In 2004 GK was the creative director of a collaboration with author Neil Gaiman and artist Yoshitaka Amano in collaboration with David Bowie and Iman as sci-fi characters, for "The Return of the Thin White Duke" a portion of which was published in [V Magazine].

He has produced, styled and designed costumes for Jennifer Lopez for her album covers, music videos, and Billboard cover, Beyoncé for campaigns including L'Oreal, Kim Kardashian, Alicia Keys, Janelle Monáe, Jaden Smith and Willow Smith, and First Lady of France Carla Bruni-Sarkozy. Reid is responsible for Mariah Carey's transformation for her best-selling album The Emancipation of Mimi and was the costume designer for her perfume commercial directed by Peter Lindbergh. GK produced and styled Tim Gunn for the cover of his book "Tim Gunn: A Guide to Quality Taste and Style", Ryan Seacrest, Kanye West, Usher, Elijah Wood, Val Kilmer, Puff Daddy for music videos, and David Bowie for several album covers and magazines including covers of Rolling Stone and GQ. Reid was the producer and costume designer for David Bowie's music video "Valentine's Day" in which Bowie explores the mind of high school shooter.

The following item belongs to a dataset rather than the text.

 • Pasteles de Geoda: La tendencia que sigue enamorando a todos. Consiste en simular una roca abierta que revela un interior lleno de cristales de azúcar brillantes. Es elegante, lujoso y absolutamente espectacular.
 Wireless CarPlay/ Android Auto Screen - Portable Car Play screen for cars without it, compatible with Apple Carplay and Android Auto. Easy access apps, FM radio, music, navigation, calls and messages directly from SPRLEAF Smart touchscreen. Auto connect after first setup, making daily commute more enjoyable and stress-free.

GK was producer and EP of the Pepsi short film "Crescendo" featuring music by Jetta produced by Pharrell Williams, set in Rajasthan India, and described by Kyle Hodge of Complex Magazine as "A fun, colorful journey intertwining realism and fantasy through the streets of...India."

GK was a producer of "Girl Rising India -- Woh Padhegi, Woh Udegi" film and campaign with Priyanka Chopra, Amitabh Bachchan, Freida Pinto, Alia Bhatt, Kareena Kapoor, Parineeti Chopra, Nandita Das, Madhuri Dixit and Sushmita Sen all of whom GK also designed the fashions for and styled.